Exercise aim
Could every line of the listing be output exactly, with the pictures skipped?

Available data
= Beginning of Section =
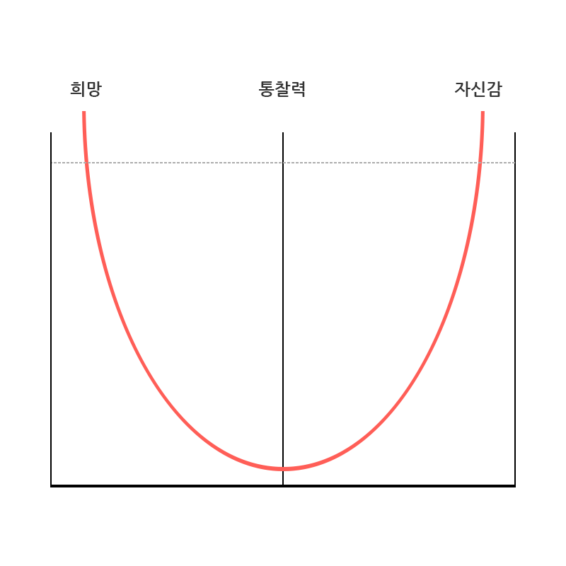 디자인을 하면서 고난은 오기 마련이다. 아무리 훌륭한 사수와 디렉터 그리고 명확한 목표가 있다고 한들 실력의 한계는 언제나 찾아온다. 나는 그 한계를 디자이너의 고난 지점이라 한다. 그 고난을 이겨내면 다음 단계로 성장하지만 그렇지 않은 경우 자괴감이 드는 것은 물론이고 자신감 또한 곤두박질친다. 이 고난이라는 것은 우리가 목표를 이루기 위해 반드시 거쳐야 하는 퀘스트와 같다. 목표를 이루기 위해 퀘스트를 거쳐야 하는 건 인생 불멸의 진리다. 목표가 있다면 퀘스트를 부정하지 말고 받아들이자. 그래야 성장한다. 다시, 디자이너의 고난 지점에 대해 설명하면 조직행동론 전문가 칩 히스, 댄 히스는 [스위치]에서 세계적인 디자인 회사 IDEO의 프로젝트 분위기 그래프라는 것을 언급했다. 주로 프로젝트를 진행할 때 나타는 현상에 대한 그래프다. 그래프는 U자 모양으로 왼쪽에는 '희망'이 쓰여있고 오른쪽에는 '자신감' 그리고 그 사이에 움푹 들어간 부분은 '통찰력'이라 적혀 있다.
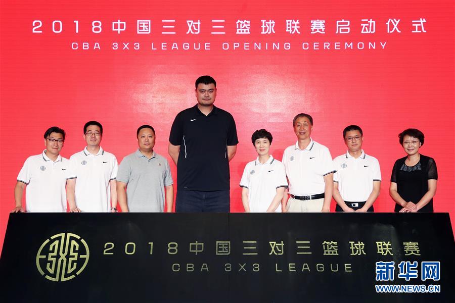 ↑6月6日,中国篮球协会主席姚明(左四)等嘉宾在启动仪式上。 当日,2018中国三对三篮球联赛启动仪式在北京举行。 新华社记者孟永民摄
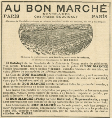 Anuncio de la tienda por departamentos parisiense Au Bon Marché [fotografía]. En La Moda Elegante. (30 de marzo de 1892).
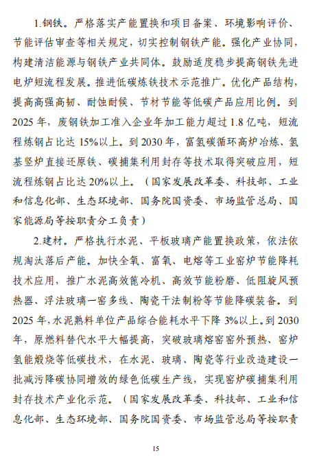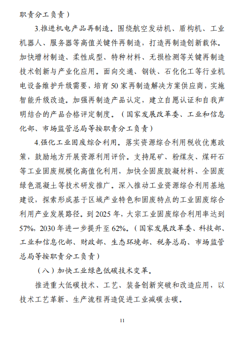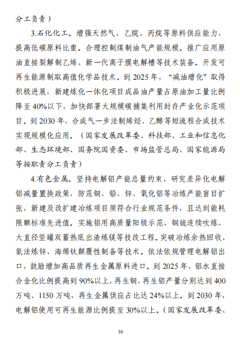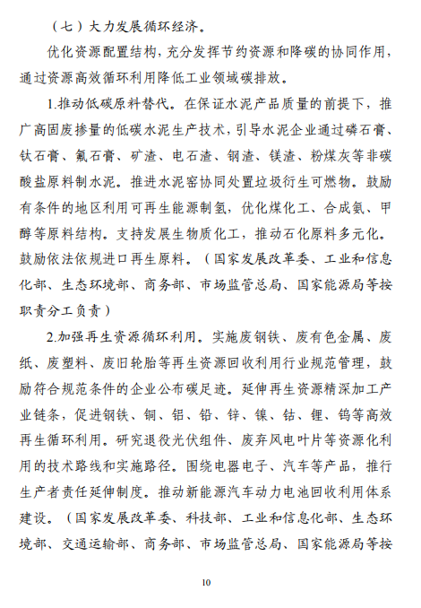 “十五五”期間,產(chǎn)業(yè)結(jié)構(gòu)布局進一步優(yōu)化,工業(yè)能耗強度、二氧化碳排放強度持續(xù)下降,努力達峰削峰,在實現(xiàn)工業(yè)領(lǐng)域碳達峰的基礎(chǔ)上強化碳中和能力,基本建立以高效、綠色、循環(huán)、低碳為重要特征的現(xiàn)代工業(yè)體系。確保工業(yè)領(lǐng)域二氧化碳排放在2030年前達峰。方案指出,加強再生資源循環(huán)利用。實施廢鋼鐵、廢有色金屬、廢紙、廢塑料、廢舊輪胎等再生資源回收利用行業(yè)規(guī)范管理,鼓勵符合規(guī)范條件的企業(yè)公布碳足跡。延伸再生資源精深加工產(chǎn)業(yè)鏈條,促進鋼鐵、銅、鋁、鉛、鋅、鎳、鈷、鋰、鎢等高效再生循環(huán)利用。研究退役光伏組件、廢棄風(fēng)電葉片等資源化利用的技術(shù)路線和實施路徑。圍繞電器電子、汽車等產(chǎn)品,推行生產(chǎn)者責(zé)任延伸制度。推動新能源汽車動力電池回收利用體系建設(shè)。
= End of Section =
Finished task
 디자인을 하면서 고난은 오기 마련이다. 아무리 훌륭한 사수와 디렉터 그리고 명확한 목표가 있다고 한들 실력의 한계는 언제나 찾아온다. 나는 그 한계를 디자이너의 고난 지점이라 한다. 그 고난을 이겨내면 다음 단계로 성장하지만 그렇지 않은 경우 자괴감이 드는 것은 물론이고 자신감 또한 곤두박질친다. 이 고난이라는 것은 우리가 목표를 이루기 위해 반드시 거쳐야 하는 퀘스트와 같다. 목표를 이루기 위해 퀘스트를 거쳐야 하는 건 인생 불멸의 진리다. 목표가 있다면 퀘스트를 부정하지 말고 받아들이자. 그래야 성장한다. 다시, 디자이너의 고난 지점에 대해 설명하면 조직행동론 전문가 칩 히스, 댄 히스는 [스위치]에서 세계적인 디자인 회사 IDEO의 프로젝트 분위기 그래프라는 것을 언급했다. 주로 프로젝트를 진행할 때 나타는 현상에 대한 그래프다. 그래프는 U자 모양으로 왼쪽에는 '희망'이 쓰여있고 오른쪽에는 '자신감' 그리고 그 사이에 움푹 들어간 부분은 '통찰력'이라 적혀 있다.
 ↑6月6日,中国篮球协会主席姚明(左四)等嘉宾在启动仪式上。 当日,2018中国三对三篮球联赛启动仪式在北京举行。 新华社记者孟永民摄
 Anuncio de la tienda por departamentos parisiense Au Bon Marché [fotografía]. En La Moda Elegante. (30 de marzo de 1892).
 “十五五”期間,產(chǎn)業(yè)結(jié)構(gòu)布局進一步優(yōu)化,工業(yè)能耗強度、二氧化碳排放強度持續(xù)下降,努力達峰削峰,在實現(xiàn)工業(yè)領(lǐng)域碳達峰的基礎(chǔ)上強化碳中和能力,基本建立以高效、綠色、循環(huán)、低碳為重要特征的現(xiàn)代工業(yè)體系。確保工業(yè)領(lǐng)域二氧化碳排放在2030年前達峰。方案指出,加強再生資源循環(huán)利用。實施廢鋼鐵、廢有色金屬、廢紙、廢塑料、廢舊輪胎等再生資源回收利用行業(yè)規(guī)范管理,鼓勵符合規(guī)范條件的企業(yè)公布碳足跡。延伸再生資源精深加工產(chǎn)業(yè)鏈條,促進鋼鐵、銅、鋁、鉛、鋅、鎳、鈷、鋰、鎢等高效再生循環(huán)利用。研究退役光伏組件、廢棄風(fēng)電葉片等資源化利用的技術(shù)路線和實施路徑。圍繞電器電子、汽車等產(chǎn)品,推行生產(chǎn)者責(zé)任延伸制度。推動新能源汽車動力電池回收利用體系建設(shè)。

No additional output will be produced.